Na única vez que aterrei em Hong Kong o 11 de setembro ainda não tinha acontecido pelo que vivi com curiosidade, e não com apreensão, essa sensação estranha de estar a pousar no antigo aeroporto entre grandes arranha-céus contornados pela habilidade do piloto. E ao sair para as ruas a referência imediata foi «Blade Runner», o filme de Ridley Scott, baseado num romance de Philip K. Dick: se o olhar tendia a subir na direção das alturas onde pareciam nunca mais acabar os edifícios mais modernos, cá em baixo era a confusão e a sujidade a imperarem.
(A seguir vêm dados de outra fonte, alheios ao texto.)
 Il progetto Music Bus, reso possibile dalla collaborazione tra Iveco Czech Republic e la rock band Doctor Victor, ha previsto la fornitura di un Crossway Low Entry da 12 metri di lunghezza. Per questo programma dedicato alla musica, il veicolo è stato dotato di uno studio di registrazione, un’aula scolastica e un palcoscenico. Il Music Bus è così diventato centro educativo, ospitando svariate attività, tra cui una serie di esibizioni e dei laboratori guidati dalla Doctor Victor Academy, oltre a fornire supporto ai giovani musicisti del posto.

Na altura lembro-me de ter pensado, que as cidades do futuro tenderiam a ser assim, excessivas e contraditórias.
Afinal devo ter-me enganado e, numa semana em que desapareceu Zaha Hadid, cujos edifícios ganharam linhas de uma elegância aerodinâmica de autêntica ficção científica, hoje continuados por tantos outros excelentes reconstrutores da paisagem urbana, reconheço que, embora já não venha a viver o suficiente para tal, imagino as cidades da segunda metade deste século com características arquitetónicas muito diferentes das conhecidas atualmente.
Não deixa de ser curioso o sucesso, que Vhils está a ter na antiga colónia britânica no Mar da China: é que se os arranha-céus tendem a menorizar a presença humana em cidades cada vez mais dominadas pelo seu gigantismo, as obras do artista do Seixal tendem a inverter essa relação de poder aparentemente incontornável. É por isso, que assumem-se como reflexão sobre a interligação entre a identidade de cada individuo e a cidade onde habita. Porque a desumanização de que fala o romance mais recente de Valter Hugo Mãe tem de encontrar resposta num modo de vida ocidental donde os valores da sociabilidade possam ser resgatados.
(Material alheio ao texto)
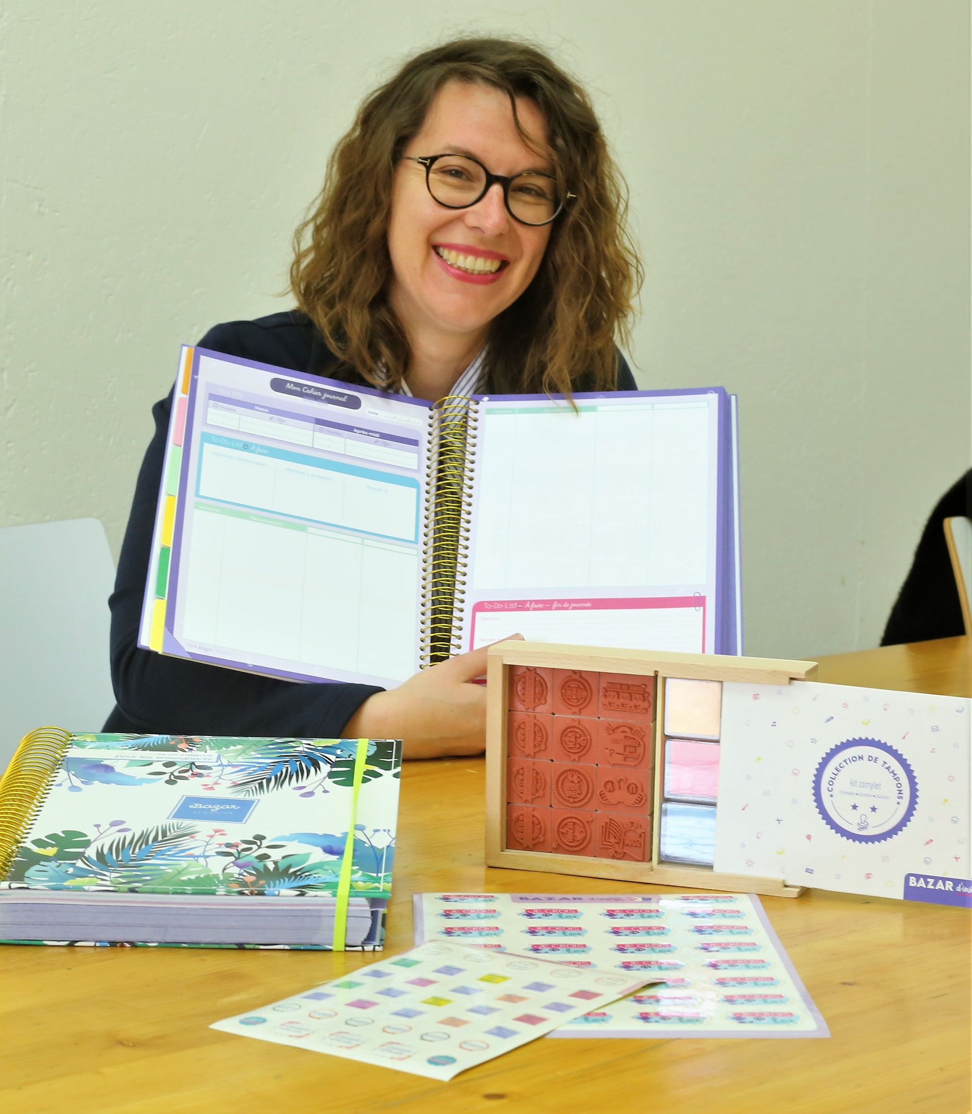 Angélique Brague, professeure des écoles en maternelle, a créé la société “Bazar d’instit”. Son activité : créer des accessoires (cahiers, sacs…) destinés à la profession d’enseignant.

É certo que, em «O Sentido da Vida», o filme de Miguel Gonçalves Mendes, ainda em fase de rodagem, mostra-se que o pior da civilização humana - as guerras, as xenofobias, o crime, etc. - perdem qualquer relevância vistas de cima, da estação orbital donde um dos protagonistas do filme, um astronauta, a contemplou. Mas, embora não saiba verdadeiramente se é esse o objetivo mais relevante de Vhils ao produzir as suas obras, importa que consigamos elevar a condição humana ao que ela tem de mais sublime (a criatividade, a solidariedade), resgatando-a da tendência para se tornar robotizada por uma sociedade, que gostaria de transformá-la num exército dócil de robots.
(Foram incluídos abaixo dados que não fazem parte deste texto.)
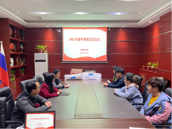 (通讯员 张锐)为进一步推进“资助育人”工作,申博sunbet于11月18日16点30分在211会议室举行2021年越冬物资发放仪式,副经理代博君,团学办副主任张锐,辅导员阿远及部分受助员工代表参加活动。

E, curiosamente, a arquitetura recente de que Hadid foi uma das mais estimulantes criadoras, até acaba por sinalizar essa diferenciação, porque ao habitar uma cidade feita de edifícios dissemelhantes uns dos outros, é a própria identidade dos que neles habitam ou trabalham, a refletir essa especificidade criativa. Ou não será?